For starters, I disagree to include campaigning and involvement in fundraising. This point of view has led to strongly contested by many a theory by which all communications have principally fundraising meaning - and I agree it should never be the case.
Secondly, I agree with the point of the cultural shift - nobody can make people do something they may find slightly out of order (as many people of all ages find fundraising in general, to grief of many of those on the front of the service delivery). And it's fair if people are reluctant - the meaning of 'voluntary' extends in all directions.
However, I agree that fundraisers are respobsible, and should be encouraged, to raise resources in all forms, shapes and sizes. It will work as long as the targeted population will believe they are changing the world and not being trained to give.
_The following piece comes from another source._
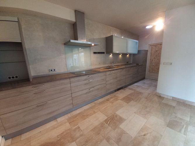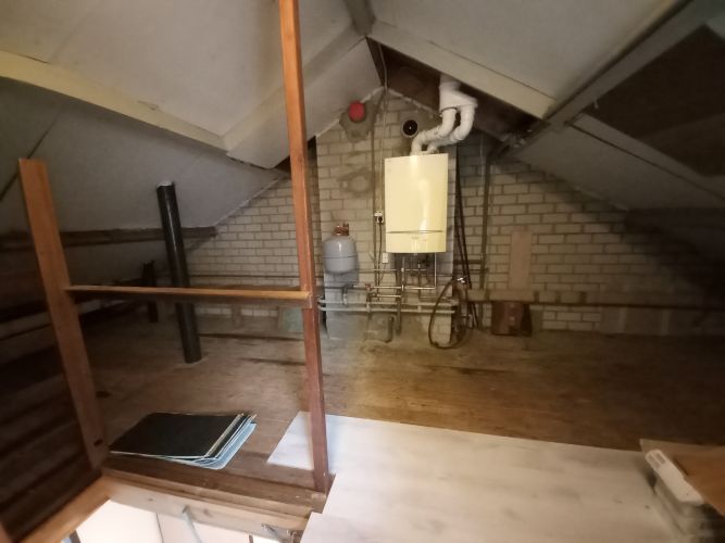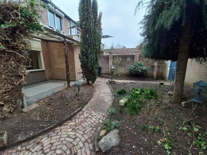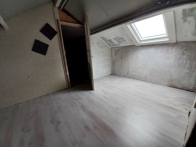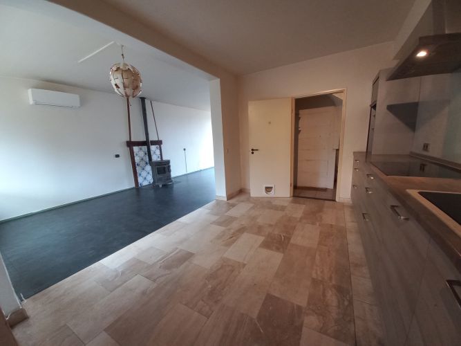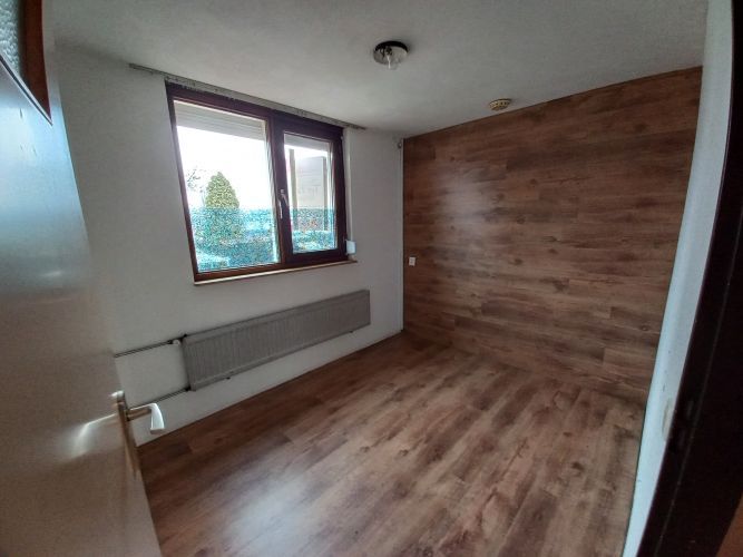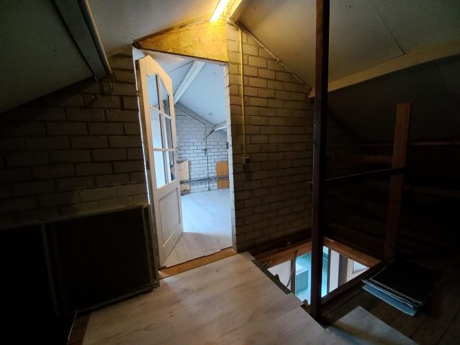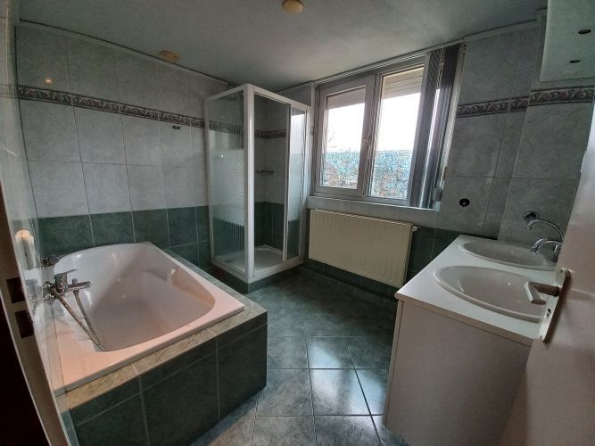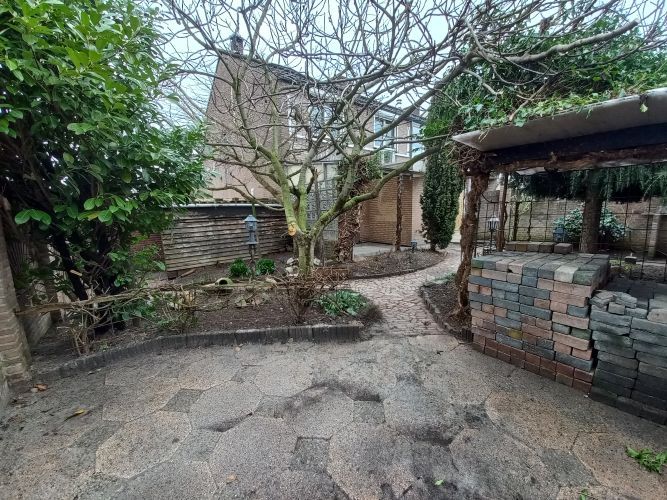 Indeling: Hal met meterkast en toilet. Open keuken (+/- 17 m2)met apparatuur en voorzien van tegelvloer. Doorzon woonkamer (+/- 34 m2) met dubbelglas en rolluiken en voorzien van PVC vloer. Vanuit de keuken toegang tot de tuin met overkapping en garage. 1e Etage: 3 slaapkamers (+/- 2.98 x 2.32 m/3.9 x 3.45 m/2.58 x 3.9 m), Badkamer (+/- 2.3 x 3 m)met ligbad, douche en wastafel. Separaat toilet met wasruimte. De zoldervliering is via een vlizotrap te bereiken. Daar staat ook de HR CV (eigendom 2013).
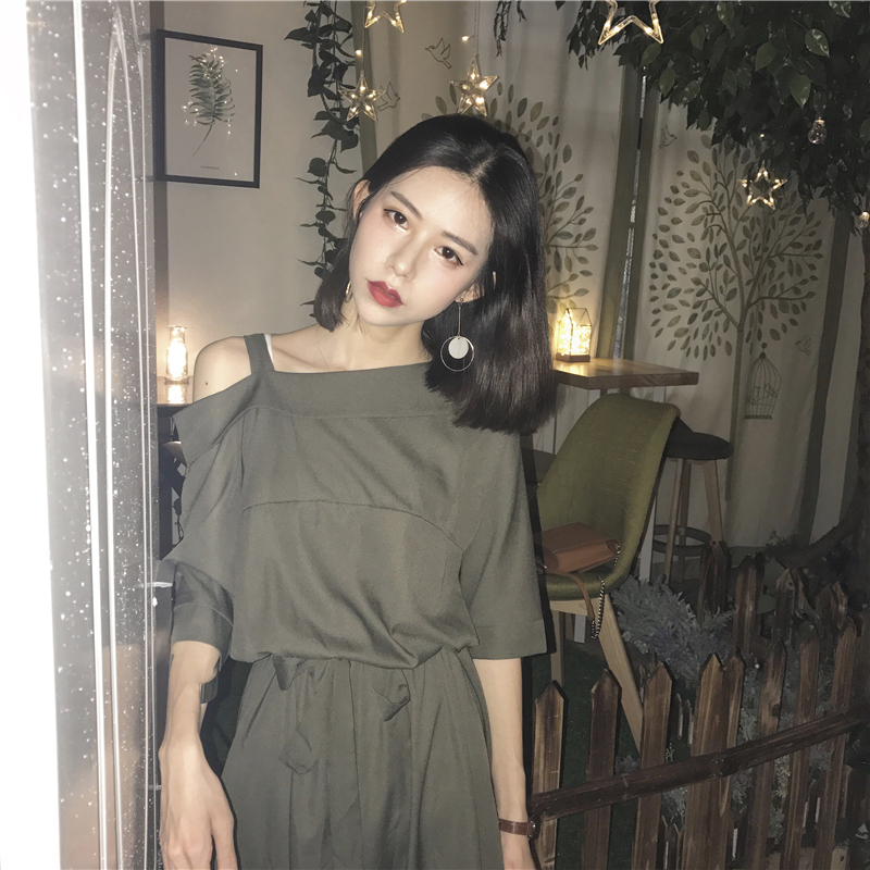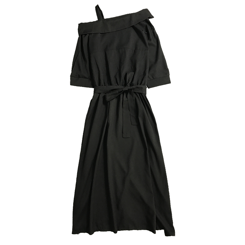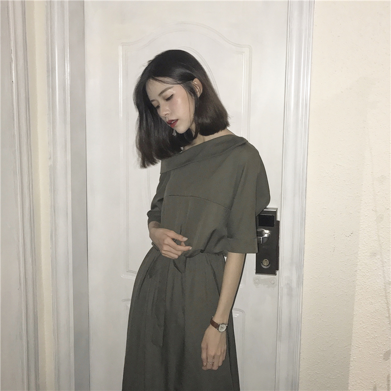 女秋裝2018新款純色系帶收腰斜領露肩吊帶中長款學生短袖連衣裙女

People of all ages do feel strong resistance to give to charities who otherwise don't give a damn whether donors even understand what are giving for (usual view of 'the moral majority', ask non-sector friends or read the press). For this reason they don't give because nobody likes the feeling they are being 'bled by manipulation'. Young people, raised in mostly false athmosphere that they live in actual participatory democracy and their voice count, have all rights to expect they will be respected and consulted on every step - it's not happening as we know. So say what you want against today fundraisers but benefits will be reaped when these young people will find themselves in the world around entering middle age anyway - and in few years time we will have the same conversation...
Naturally, I don't mind being proven wrong!